Vertigineux et inquiétant. Car la tendance est lourde. Le phénomène est évidemment loin d’être franco-français. 2022 pourrait être la cinquième ou sixième année la plus chaude jamais enregistrée dans le monde. Partout en Europe, le week-end a été marqué par des températures frôlant les 20°C, comme en Allemagne ou en Pologne. L’an passé, la planète a souffert de phénomènes climatiques extrêmes et multiples : incendies monstres, de la Californie à la Grèce ; inondations catastrophiques en Corée du Sud ou au Pakistan ; famines à répétition et déplacement de millions de personnes… L’humanité a été marquée dans sa chair par le changement climatique et ses conséquences en cascade. Un phénomène dont elle est responsable.

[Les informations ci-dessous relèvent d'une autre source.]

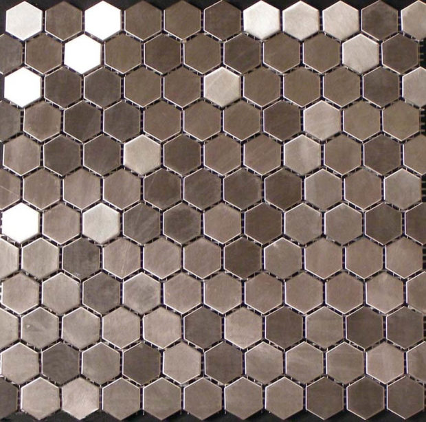 On remarque tout de suite, c'est une option pour un amateur. Une mosaïque métallique est apparue relativement récemment, elle est principalement constituée de acier et laiton. Les éléments métalliques sont montés sur une base en caoutchouc ou en caoutchouc, qui conserve la flexibilité nécessaire. La forme des éléments peut être absolument quelconque: des triangles et des hexagones aux formes géométriques irrégulières. La surface peut être polie ou mate, avoir des encoches. Des finitions similaires sont utilisées dans intérieurs dans les styles salut-technologie et loft.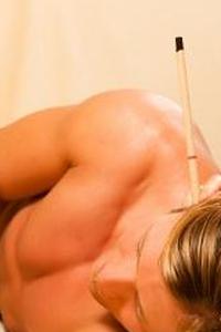 - Администратор очень осторожно помещает незажженный конец ушной свечи в ухо получателя и слегка поворачивает его, чтобы закрепить свечу на месте в ушном проходе. Когда свеча правильно поставлена на место, получатель слышит приятный треск и шелест.

Nos émissions de gaz à effet de serre – qui ont déjà provoqué un réchauffement de la planète de 1,2°C – ont durablement bouleversé le climat, et rien n’indique que leur trajectoire actuelle suffise à rendre l’avenir supportable. «Qui aurait pu prédire […] la crise climatique aux effets spectaculaires encore cet été dans notre pays ?» a osé le président Emmanuel Macron dans ses vœux adressés aux Français samedi soir, faisant fi des alertes répétées de la communauté scientifique : «Ce que l’on vit en ce moment, c’est ce qu’on anticipe pourtant depuis une trentaine d’années, répond Jean Jouzel. Ce qui est exceptionnel aujourd’hui va devenir la norme», prévient le climatologue. Si les émissions de gaz à effet de serre ne diminuent pas significativement, «on va vers un réchauffement autour de 3°C dans la deuxième partie de ce siècle, c’est deux fois trop par rapport à ce qu’il faudrait pour que l’on puisse s’adapter», pointe-t-il encore.

«Nous sommes vulnérables»

Pour Serge Zaka, «2022 a montré à quel point nous sommes vulnérables. On doit s’en servir pour travailler à deux objectifs : l’adaptation, c’est-à-dire préparer notre agriculture, nos bâtiments, notre système de santé à ce genre de températures. Mais aussi l’atténuation, soit réduire nos émissions de gaz à effet de serre, autant et aussi vite que possible». Car le réchauffement climatique causera bien plus de dégâts s’il s’établit – comme actuellement – à +2,5 °C par rapport à l’ère pré-industrielle plutôt qu’entre 1,5 °C et 2 °C, l’objectif fixé par l’accord de Paris de 2015. En France, le rythme des émissions de CO2 est encore loin d’être en phase avec l’ambition de «gagner […] la bataille de la transition écologique» affichée par le chef de l’Etat lors de ses vœux, tout comme avec celui d’atteindre la neutralité carbone d’ici 2050. Selon le Centre interprofessionnel technique d’études de la pollution atmosphérique (Citepa), notre pays a rejeté presque autant de gaz à effet de serre sur les neuf premiers mois de l’année 2022 que celles émises sur la même période en 2021. Pire, elles sont reparties à la hausse en septembre.

(1) Climat : parlons vrai, avec Baptiste Denis, éd. les Pérégrines, 2021.